S4059 will significantly increase the attorney fee cap in workers’ compensation from 20% to 25% while
severely restricting the factors that a judge of compensation may consider when determining the
reasonableness of an attorney’s fee request. These cost increases will be borne by the injured workers
themselves as well as all employers regardless of their size, whether they are a private business or
public entity, or whether they are self-insured or purchase insurance in the traditional marketplace.
As you prepare to vote on this legislation today, the members of our coalition would like you to keep the
following key points in mind:
Despite claims to the contrary, including those set forth in the Bill Statement, this legislation specifically
prohibits judges of workers compensation from considering the hours worked or the hourly rate
charged by a petitioners’ attorney when determining whether they should be awarded the full 25% fee
that they are requesting.

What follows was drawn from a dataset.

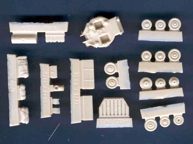 Sady obsahují ze světlého resinu odlitá kola, věž, schránky na nářadí a pár

Absent these two crucial factors, it is unclear what factors a judge will be
permitted to consider in assessing the reasonableness of a fee request, or how judges will justify awards
of less than the statutory maximum.
In the Assembly Labor Committee, proponents of the bill argued that awards should not be subject to the
same rules as other types of fee-shifting statutes because petitioners’ attorneys work on a contingency
fee. This argument misses the point for several key reasons. First, there is a statutory requirement
within workers’ compensation that all fee requests must be approved by a judge, regardless of whether
they are awarded by judgement or agreed to in a settlement (NJRS. 34:15-64(d)). Second, in the vast
majority of workers’ compensation cases, 60% of the fees awarded are required to be paid by the
employer.
Petitioners’ attorneys also argued during the committee hearing that such a raise is necessary to attract
attorneys to practice in this area and address a shortage of qualified attorneys. However, public data from
the Department of Labor shows that the percentage of accidents resulting in court filings is consistent
with previous years. The absence of a statistically significant drop in the percentage of workers seeking
representation does not seem to support the need for a hike in fees to recruit additional attorneys.
The Bill Statement says S4059 is intended to address the ruling in Garzon v Morris County Golf Club, an
unpublished and therefore nonprecedential Appellate Division ruling which proponents claim will lead to
attorneys being undercompensated for their work. In fact, the Appellate Division’s ruling in Garzon was
not about whether the attorney deserved the full 20% award he sought, but whether the Judge of
Compensation applied the appropriate tests. Ironically, the Appellate Division in this case found the
fees to be excessive specifically because the judge failed to consider the hours worked or hourly rate
charged by the petitioners’ attorney, factors which this bill would specifically eliminate.
The members of our coalition strongly urge you to vote NO on this legislation which will increase costs
for both injured workers and employers.